A TFTP server needs to listen for RRQ (TFTP read request) or WRQ (TFTP write request) packets arriving from anywhere, otherwise, it’s not a server. It must open and listen to an unconnected UDP socket. What’s less obvious is that a TFTP client must open an unconnected UDP socket. A TFTP client does know the IP address of the TFTP server, but it can’t know the UDP port that the first DATA packet a server sends or the first ACK a server uses to send one of those packets to the client. Once the client gets an ACK (for a WRQ) or DATA block no. 1 (for a RRQ), it has to send DATA block no. 2, or an ACK for DATA block no. 1 to the UDP port number of the server.

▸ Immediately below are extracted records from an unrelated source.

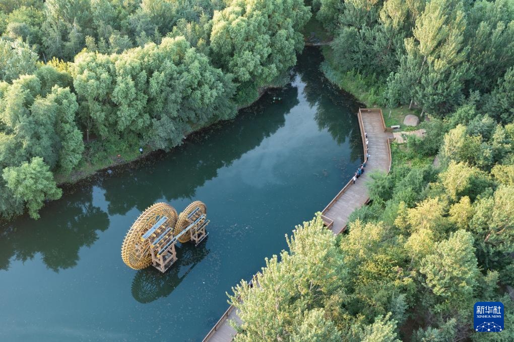 人们在龙江森工集团绥棱林业局生态文化旅游景区一处公园游览(7月25日摄,无人机照片)。
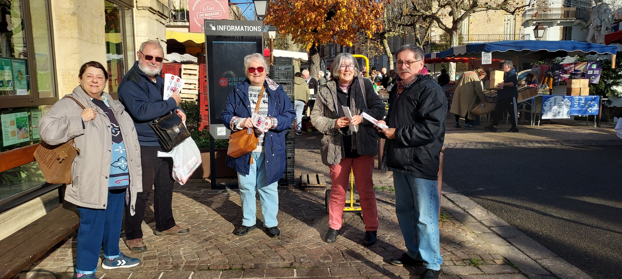 En plein cœur de l’automne, par un matin ensoleillé avec une météo agréable, nous avons fait une distribution de flyers sur le marché de Prayssac. Un marché charmant et pittoresque qui entoure l’église. Pour la distribution nous avons décidé de nous diviser en deux équipes : une à gauche et une à droite, pour nous retrouver de l’autre côté. Nous avons eu des discussions courtoises, notamment avec un membre retraité de la CGT des chantiers navals. Notre objectif principal était de faire la promotion du syndicat CFDT des retraités auprès des personnes âgées qui étaient nombreuses ce douze décembre 2025. Maintenant nous attendons que notre distribution porte ses fruits en matière de développement.
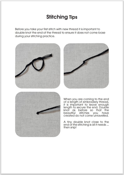 This 16 page booklet contains stitch tips and 10 stitches which include: Back stitch, Whipped Back Stitch, Detached Chain Stitch, French Knots, Chain Stitch, Straight Stitch, Couching, Seed Stitch, Split Stitch and Cross Stitch.

TFTP clients in the Go programming language:
- Create an unconnected UDP socket with
net.ListenUDP. - Send a WRQ or RRQ request to the TFTP server
using
net.UDPConn.WriteMsgUDPornet.UDPConn.WriteTo, which use the unconnected UDP socket, but set the destination port for that write but no subsequent writes. - Read the first ACK or DATA block using
net.UDPConn.ReadFromUDP, which returns not only the UDP packet’s “payload”, but also the IP address and port number the server sent it from. - Use that IP address and port number to send and receive further ACKs or DATA packets.
Effect of TFTP on server design
TFTP is so loosely specified and so simple,
that implementations of servers in the past have caused problems.
Hypothetically, in the early 1990s, you could easily use TFTP
to get a copy of the company intranet’s main server’s /etc/passwd file.
With that file, and your shiny, new PC, you could hypothetically
run a brute force password guesser.
If the password guesser worked, you could then find out
that the head network engineer’s password was “butterfly”.
That sort of hypothetical occurrence happened quite often. TFTP servers were prone to what we now call directory traversal attacks, password standards were very lax, standard encryption algorithms had gotten weak relative to available computational speeds. It was all hypothetically unsettling.
TFTP servers have evolved to be very picky about what they allow, what they accept as file names, and if they allow WRQ (write request) transfers. All of these guards against TFTP abuse make troubleshooting very difficult.